Applying Rule 403, we believe that the first victim’s testimony carries probative value that is not substantially outweighed by the danger of unfair prejudice. Here, the rape of the first victim was very close in time and occurred under circumstances similar to the rape of the second victim. LeCompte, 131 F.3d at 769-70; see also Medicine Horn, 447 F.3d at 623 (holding Rule 413 evidence admissible over a Rule 403 objection where the prior sexual assaults were similar in many respects to the crime charged, including the facts that the victims were teenage girls assaulted after leaving a party where they had been drinking alcohol). The evidence was probative and the only prejudice was that prejudice made admissible by Rule 413. There was no unfair prejudice as required for exclusion under Rule 403.

B. Admission of Testimony About the Girlfriend

Even if we were to assume that the testimony about the girlfriend was admitted in error, any such error was harmless. The testimony of the first and second victims together with corroborating evidence, including the physical evidence obtained from the underpants, provides substantial evidence of guilt for the offense of sexual abuse of a minor under 18 U.S.C. § 2243. As such, even assuming an error, we believe “the substantial rights of the defendant were unaffected, and ... the error did not influence or had only a slight influence on the verdict.” United States v. Carroll, 207 F.3d 465, 470 (8th Cir.2000).

C. Application of the Cross Reference Under U.S.S.G. § 2A3.2(e)

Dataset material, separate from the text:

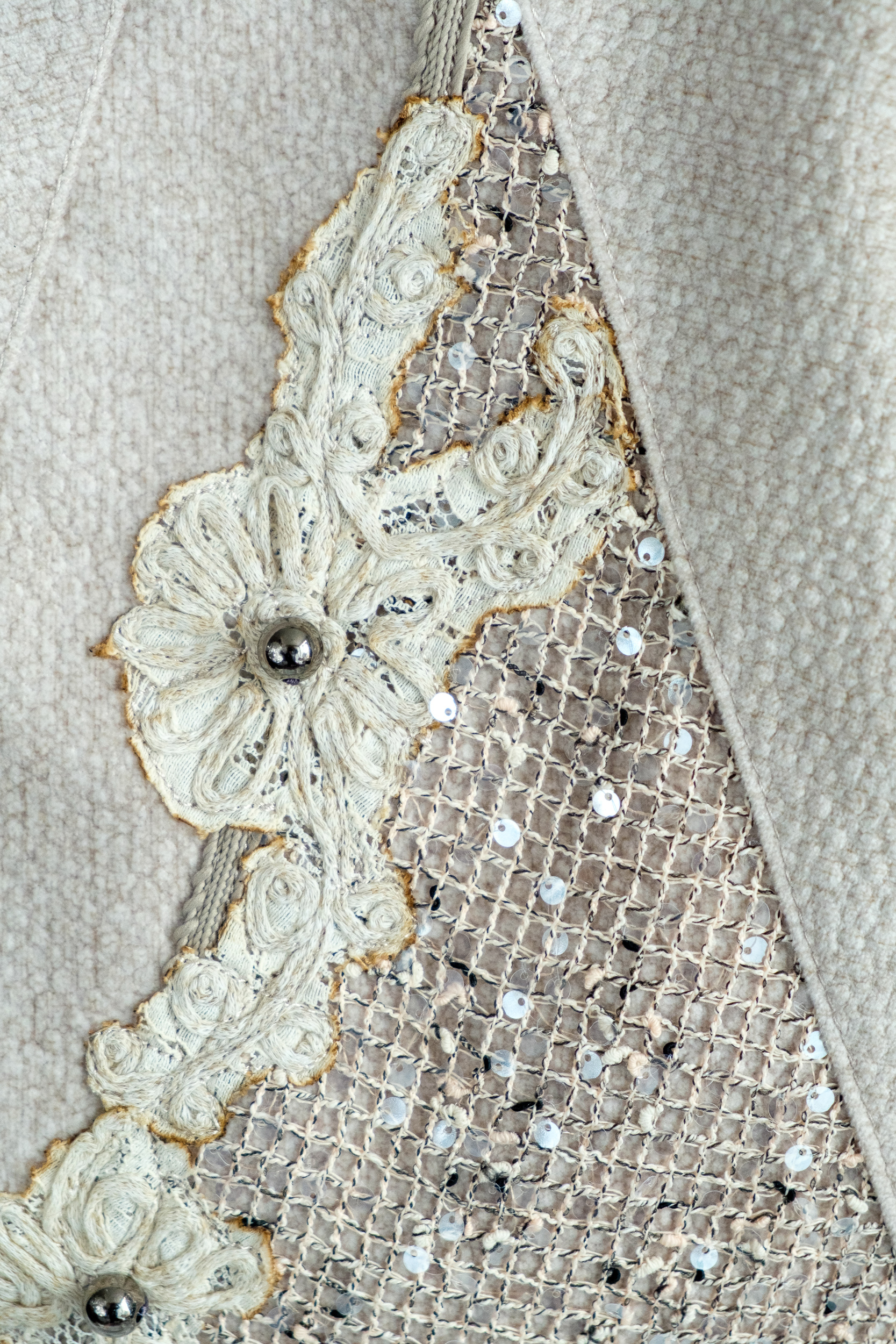 Oatmeal variant features intricate lace appliqué with metallic accents and chain strap.
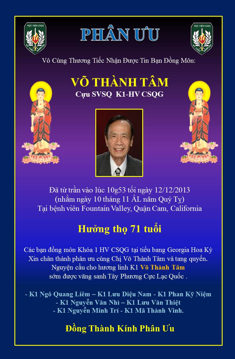 Điếu Văn Tiển Đưa K1 Võ Thành Tâm

We note initially that Benais challenges not only application of the cross reference, but also any use at sentencing of facts found by the judge but neither admitted by the defense nor found by the jury. His challenge to the use of judicial fact-finding under an advisory Guidelines regime is without merit. United States v. Scott, 448 F.3d 1040, 1044 (8th Cir.2006) (stating that under the advisory Guidelines regime, sentencing judges must still make findings as to sentence-enhancing facts and that the applicable standard is preponderance of the evidence).

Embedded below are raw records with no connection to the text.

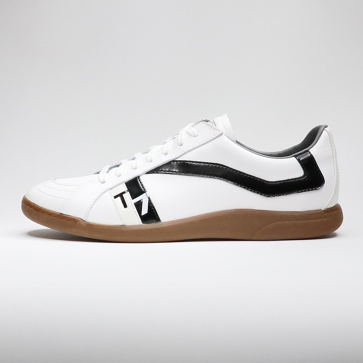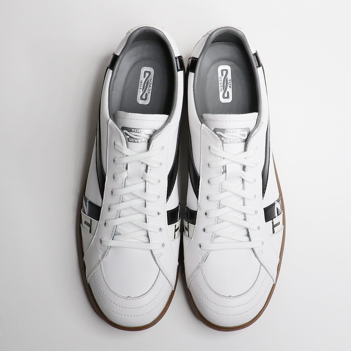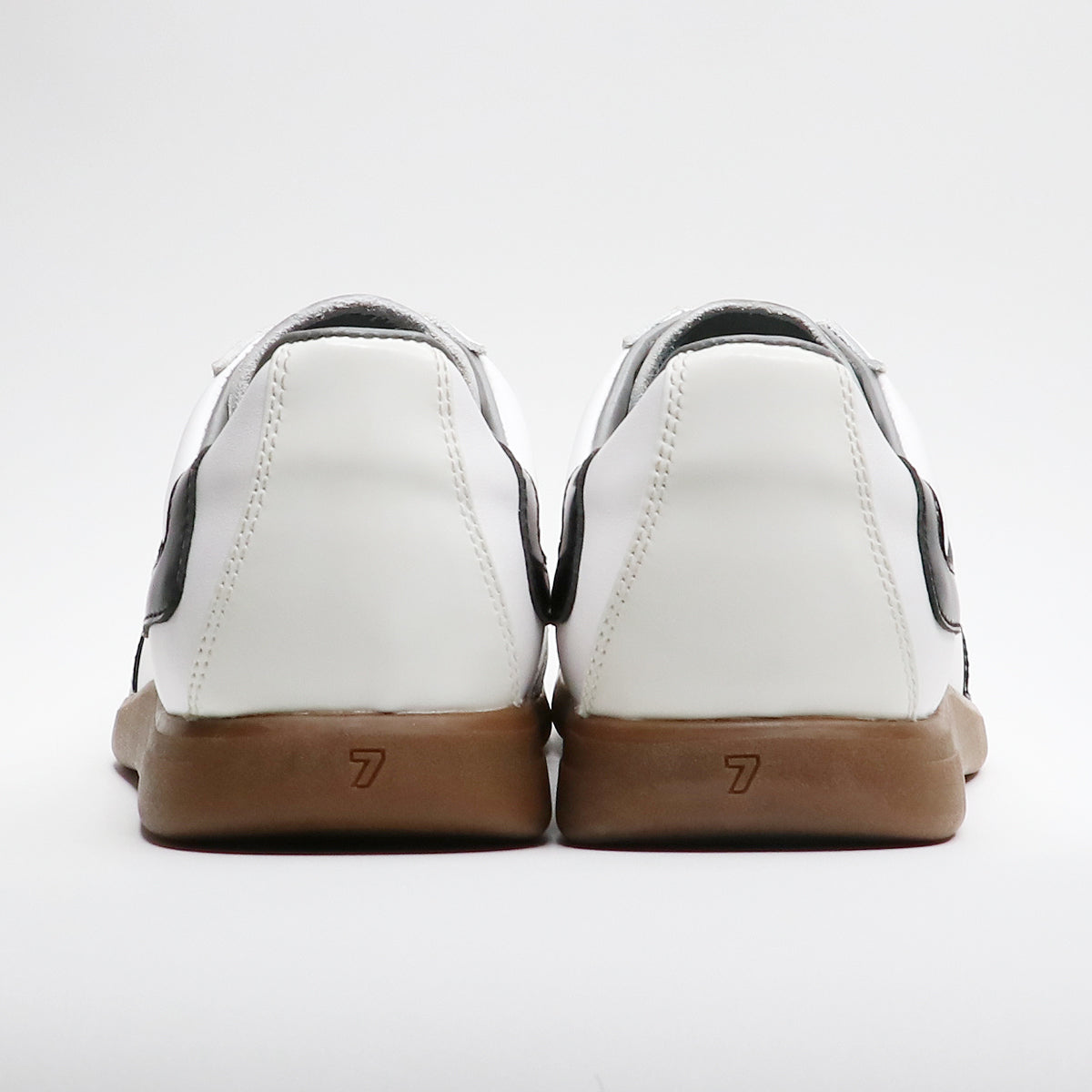 アッパーサイドやカカトにはエナメルレザーを使用し程よい光沢感が大人カジュアルを上品に魅せてくれるレザースニーカーになります。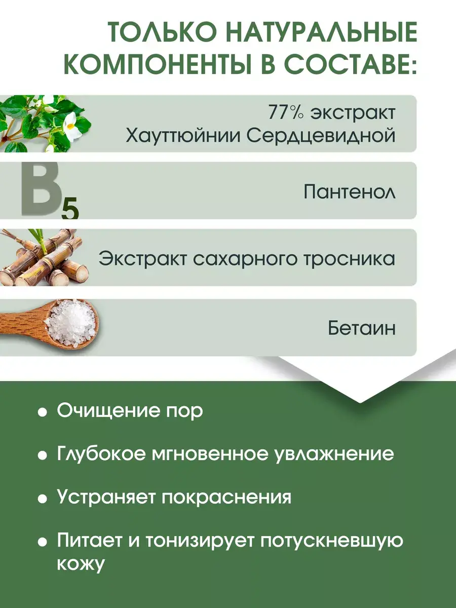 Оригинальный тонер от корейского бренда Ануа HEARTLEAF. Сертификат в карточке товара. Производится из натуральных компонентов без консервантов и парабенов. Подходит для всех типов кожи и всех возрастов. Сухой коже эссенция подарит ощущение свежести, она увлажнит, устранит шелушения и не оставит чувство стянутости. Жирной - поможет регулировать работу сальных желез, снимет раздражение, устранит воспаления и покраснения. Тоник Ануа состоит на 77% из экстракта хауттюйнии. Компонент знаменит своими успокаивающими свойствами, устранением красных пятен, зуда и раздражения. Тонер мягко воздействует на возрастную кожу, а также подойдет для подростковых проблем. Средство идеально для ежедневного использования на лице и шее. SOOTHING TONER дает ощущение комфорта и увлажненности. Он освежает цвет лица, выравнивает тон кожи и препятствует появлению покраснений. Абсолютно неаллергичный состав дает возможность использовать его людям с тонкой, обезвоженной, реактивной кожей. Мягко устраняя несовершенства, косметика противостоит многим проблемам, с которыми вы можете столкнуться. Активный компонент экстракта сердечного листа Гуттуиния предотвращает появление постакне, осветляет пигментные пятна. Он эффективно поддерживает барьерную функцию дермы, уменьшая реакцию на аллергены. Без отдушек и красителей. Вся уходовая косметика проверяется дерматологами. Не закупоривает поры.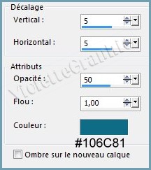 Effets/Effets 3D/Ombre Portée : 5/5/50/1/couleur #106c81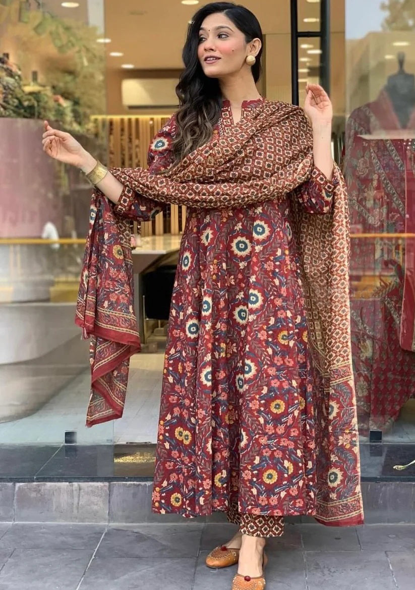 Ethnic Set Women Printed Anarkali Kurta and Pant Set with Dupatta Set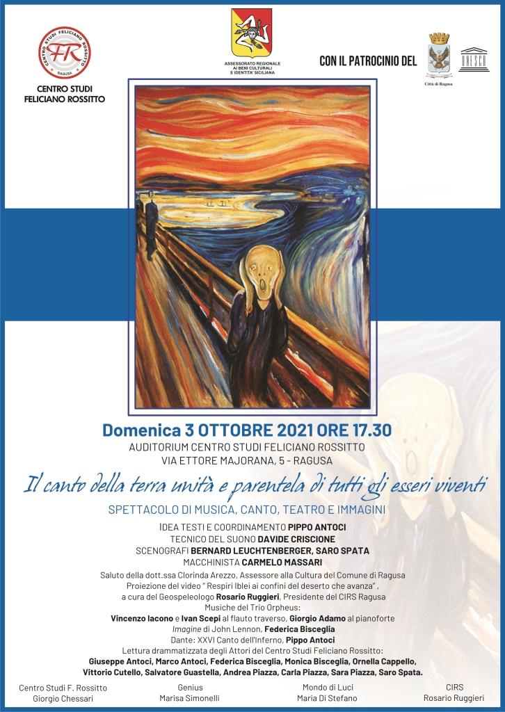 Domenica 3 ottobre alle ore 17.30, nell‘auditorium del Centro Studi Feliciano Rossitto (Via Ettore Majorana 5), andrà in scena "Il canto della terra. Unità e parentela di tutti gli esseri viventi".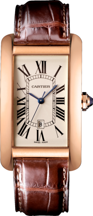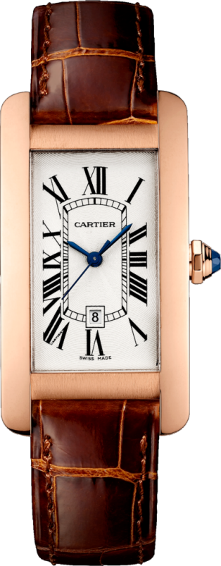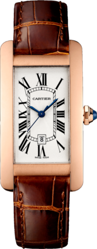 About this WatchFeaturing an elongated case with a more pronounced curve, the Cartier Tank Americaine distinguishes itself from the original model. Available variations include a medium or large model in 18k pink gold. The brown leather strap accents the warm color of the watch case.

Section 2243 is the federal statutory rape provision and requires no examination of a minor’s “consent” nor proof of violence beyond the sexual act itself. U.S.S.G. § 2A3.2 is the Guidelines section applicable to persons convicted of sexual abuse of a minor in violation of 18 U.S.C. § 2243. This Guidelines section is less[*1064] severe than U.S.S.G. § 2A3.1, the section applicable to a person convicted of aggravated sexual abuse under 18 U.S.C. § 2241 or sexual abuse under 18 U.S.C. § 2242. If the minor victim under § 2243 is under twelve years of age or if the statutory rape involves circumstances that meet the definitions for sexual abuse set forth in § § 2241 or 2242, a cross reference in U.S.S.G. § 2A3.2(c) establishes the advisory Guidelines range for statutory rape under the harsher Guidelines section, section 2A3.1.

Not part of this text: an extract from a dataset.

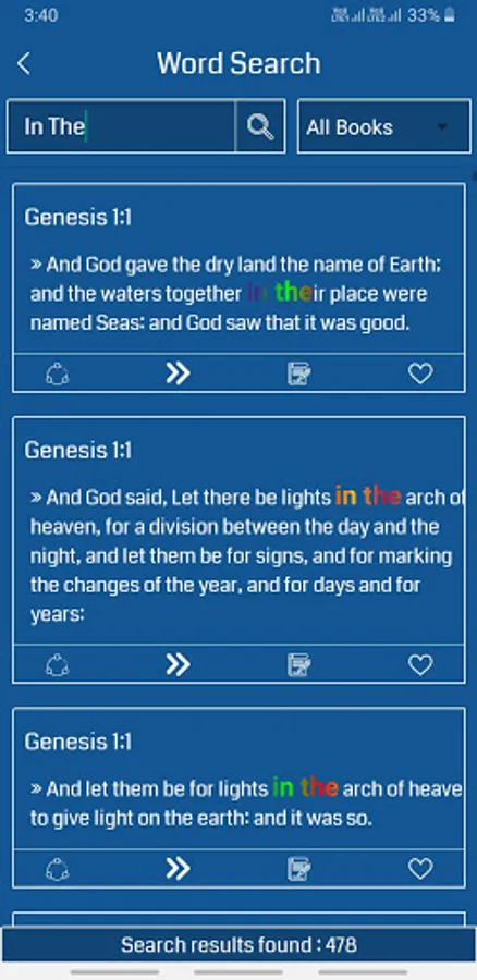 - An swift access to bookmark and back to other chapters with verses.
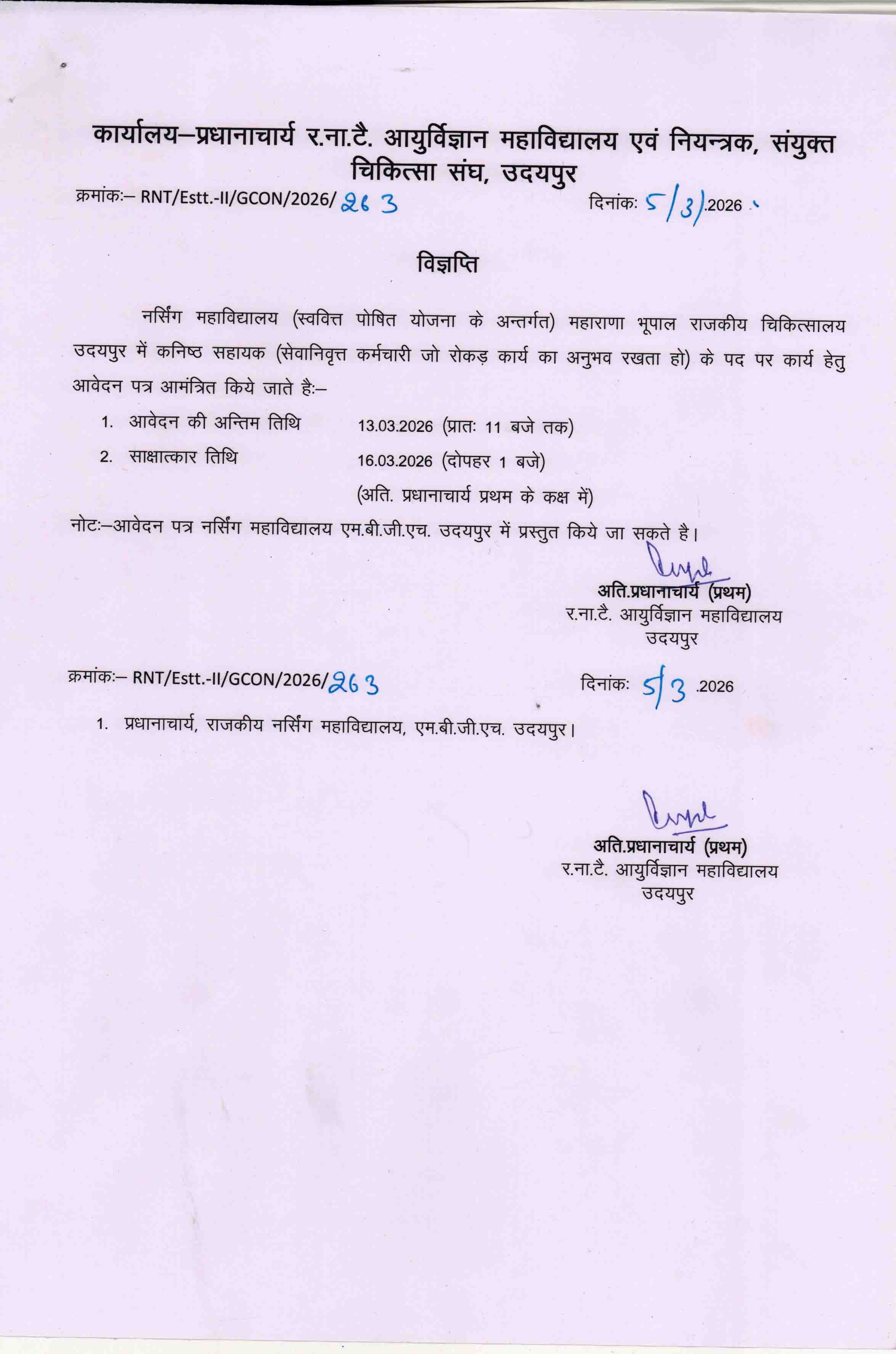 Advertisment for post of Junior Assistent

Section 2242(2) requires proof that a person “knowingly ... engages in a sexual act with another person if that other person is ... incapable of appraising the nature of the conduct; or ... physically incapable of declining participation in, or communicating unwillingness to engage in, that sexual act.” Id. Here, the second victim testified that she had two mixed drinks at the party. Further, she and the girl who was not raped drank throughout the rape of the first victim and finished the bottle provided by Benais. The second victim testified regarding her own state of intoxication and stated that she passed out twice and twice awoke to find Benais on top of her. This evidence is sufficient to support the district court’s finding that the second victim was “physically incapable of declining participation.” Id. at § 2242(2)(B). As such, the rape of the second victim qualified as criminal sexual abuse under § 2242 for sentencing purposes, and U.S.S.G. § 2A3.2(c) required application of the cross reference.

We affirm the judgment of the district court.

1

. The Honorable David S. Doty, United States District Judge for the District of Minnesota.